Daha geleneksel bir ilaç şekli, uranyum nitrat tabloidleri şeklinde ilaç şirketi Burroughs ve Wellcome tarafından üretildi. Ya da Oppenheimer, Sons & Co of London, iki buçuk gr uranyum nitrat içeren palatinoidler satıyordu. Bu palatinoidler, 'yakın zamanda Dr. S. West tarafından diyabet tedavisinde tavsiye edilen' uranyumun faydalarını, onun tedavisinin 'iğrenç tadı' olmadan bir araya getirerek pazarlanıyordu. Tabletler bütün olarak yutulabilir ya da bir mendilin içinde ezilerek solunabilirdi.
Eğer tüm bunların oldukça tuhaf olduğunu düşünüyorsanız, o zaman ilaçlı şarabın büyüleyici dünyasına adım atın ve Vin Urané Pesqui'yi keşfedin! Bu uranyum şarabının 24 sıvı onsluk her bir şişesi, Vin Urané Pesqui tarafından yazılan Diyabet ve Tedavisi adlı bir kitapla birlikte geliyordu.

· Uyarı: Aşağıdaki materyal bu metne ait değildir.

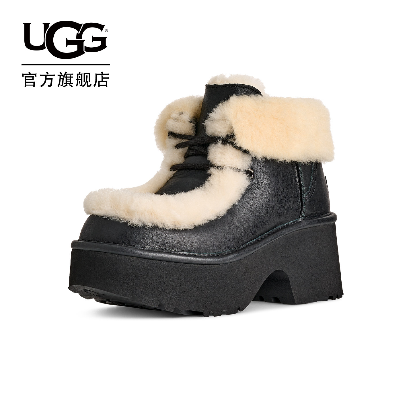 UGG秋冬新款女士舒适时尚厚底坡跟圆头溢毛系带雪地靴短靴1176110
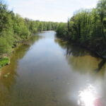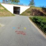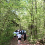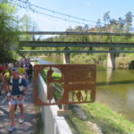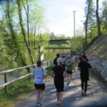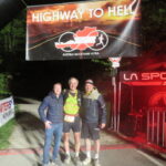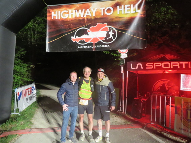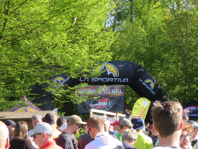 Pünktlich um 9 Uhr erfolgte der Start und unter dem berüchtigten Torbogen mit der vielsagenden Aufschrift „Highway to Hell“ und ging es unter großem Applaus auf die erste Runde. Natürlich waren wir alle schon sehr darauf gespannt, wie diese aussehen würde. Es ging sofort in den Wald und nach einem knappen Kilometer über eine schwingende Hängebrücke über den Fluss – was für ein toller Eindruck. Nur wenig wurde im Freien gelaufen, was gut war. Denn die Temperaturen stiegen doch über 20°C. Da war es im Wald schön angenehm.

Kitapta bu içecek, susuzluğu anında gideren, gücü geri kazandıran ve vücut fonksiyonlarını iyileştiren güçlü bir iksir olarak tanımlanıyordu. Nefes alma zorlukları, yorgunluk ve halsizliğin de hafifletildiği söyleniyordu. Hatta Vin Urané Pesqui içen hastaların görünümlerinde ve mizaçlarında önemli bir iyileşme yaşadıkları iddia ediliyordu.
Etikette belirtilen dozaj şu şekilde öneriliyordu: “Yemeklerden 5 dakika önce veya hemen sonra ve gece yatmadan önce, suyla birlikte veya susuz, günde üç küçük şeri bardağı.